COMM: a Progam for Computer-Aided Analyses of
ecological field data
Short Description:
The computer program COMM has been developed to assist
ecologists in the analyses of medium-sized species-station-
tables commonly generated in ecological field investigations.
The program features a menu and window environment, and
- optionally - mouse support (COMMM.BAT). It runs on IBM
PCs and compatibles with 640K of RAM memory. Supported output
devices are an Epson-compatible lineprinter and a HP-compatible
plotter.
Species-station-tables with up to 12,000 cells (species
in rows, stations in columns, in addition species names
and station labels) can be entered, loaded/saved from/to
an ASCII- file, edited and printed.
For each station several diversity parameters can be computed
(e.g. after Shannon-Weaver, Margalef, Simpson, Pielou, Heip).

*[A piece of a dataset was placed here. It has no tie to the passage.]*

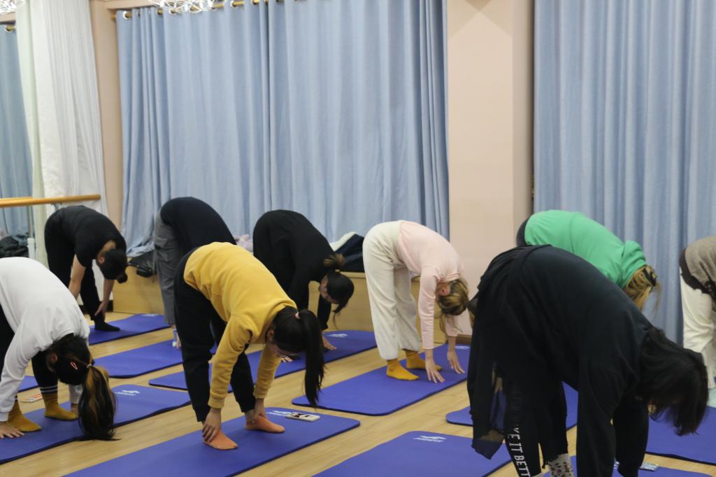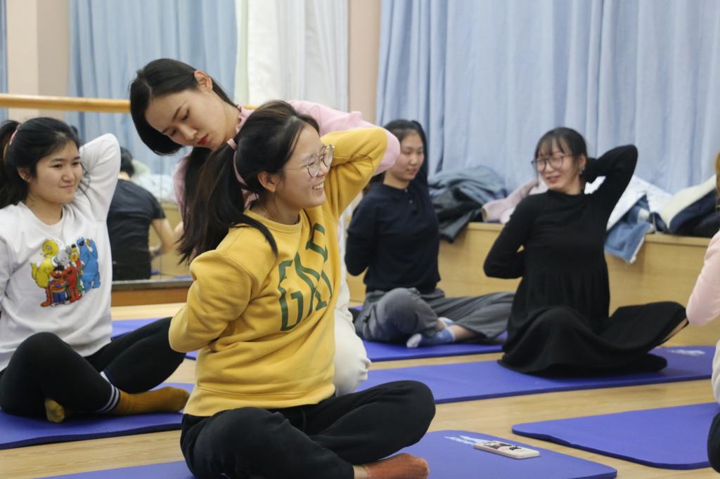 活动特邀李欣然学姐指导,为参与者讲解瑜伽相关知识并示范动作。伴随着轻柔的音乐,同学们在学姐的指导下一次次转换动作,或双手叉腰,转动身体部位,或缓缓起立,高举双手逐渐向下弯腰。在练习过程中由于大部分同学初次接触瑜伽,身体柔韧度不够,肢体僵硬而引发疼痛,动作不标准,但学姐仍旧耐心指导每一位同学,同学们也努力配合做到自己的极限。在“授” 与“受”的良性交流下,学姐和同学们双向互动共同完成瑜伽动作。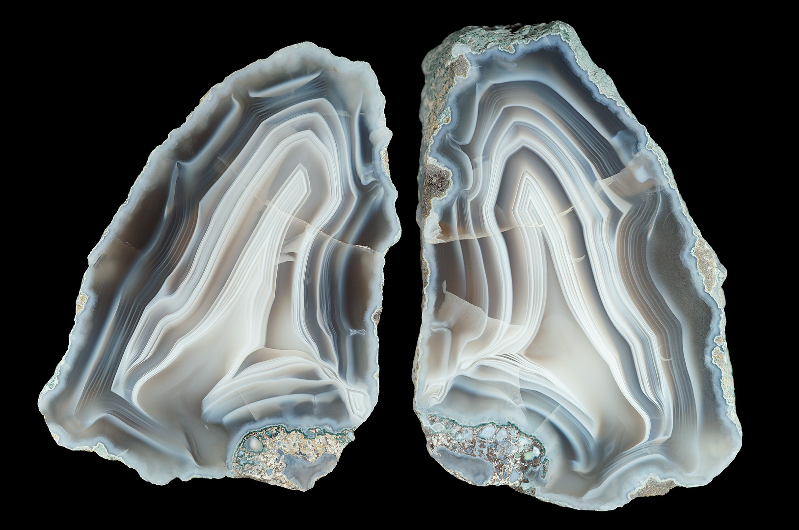 ハーフカットノジュール・ペア、断面平面研磨品。

In addition, up to six external station-specific parameters
(such as depths, temperatures, etc.) may be entered. The
entire set of station parameters can be printed and/or saved
to an ASCII-file for interfacing other programmes.
For each species a set of parameters can be computed (minimum,
median, mean, and maximum of scores, constancy, dominance,
Biological Index after McCloskey (1970)). The whole set
of species parameters can be printed and/or saved to an
ASCII- file for interfacing other programmes.
Species and/or stations may be sorted in ascending or
descending order by species-specific and station-specific
parameters. Data may be standardized and/or transformed
(percentages, Z-values, ranks, logarithms, roots, abundance
codes, dominance codes) prior to further analyses.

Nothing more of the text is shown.